GIVEN INFORMATION =>
◇ ◇ ◇
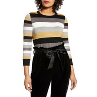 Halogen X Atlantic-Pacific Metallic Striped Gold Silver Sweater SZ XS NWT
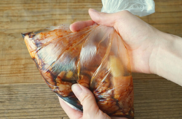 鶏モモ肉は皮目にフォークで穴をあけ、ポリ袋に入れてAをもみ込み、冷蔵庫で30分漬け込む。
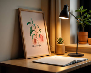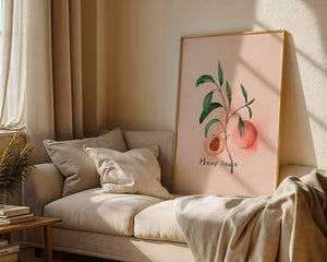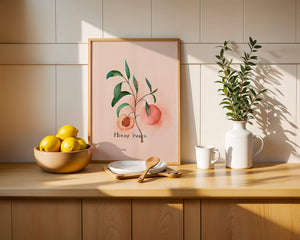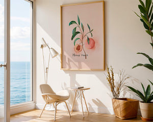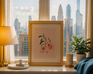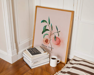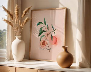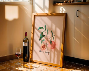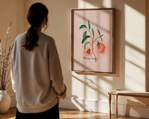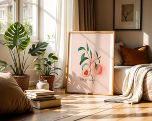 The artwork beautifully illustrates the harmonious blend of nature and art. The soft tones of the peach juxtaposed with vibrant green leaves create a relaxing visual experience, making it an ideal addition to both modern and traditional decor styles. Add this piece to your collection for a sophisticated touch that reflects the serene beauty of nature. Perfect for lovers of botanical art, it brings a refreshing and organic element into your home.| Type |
◇ ◇ ◇
Apart from the pictures, all of the data must be duplicated exactly as shown above.

TASK RESULT =>
 Halogen X Atlantic-Pacific Metallic Striped Gold Silver Sweater SZ XS NWT
 鶏モモ肉は皮目にフォークで穴をあけ、ポリ袋に入れてAをもみ込み、冷蔵庫で30分漬け込む。
 The artwork beautifully illustrates the harmonious blend of nature and art. The soft tones of the peach juxtaposed with vibrant green leaves create a relaxing visual experience, making it an ideal addition to both modern and traditional decor styles. Add this piece to your collection for a sophisticated touch that reflects the serene beauty of nature. Perfect for lovers of botanical art, it brings a refreshing and organic element into your home.| Type |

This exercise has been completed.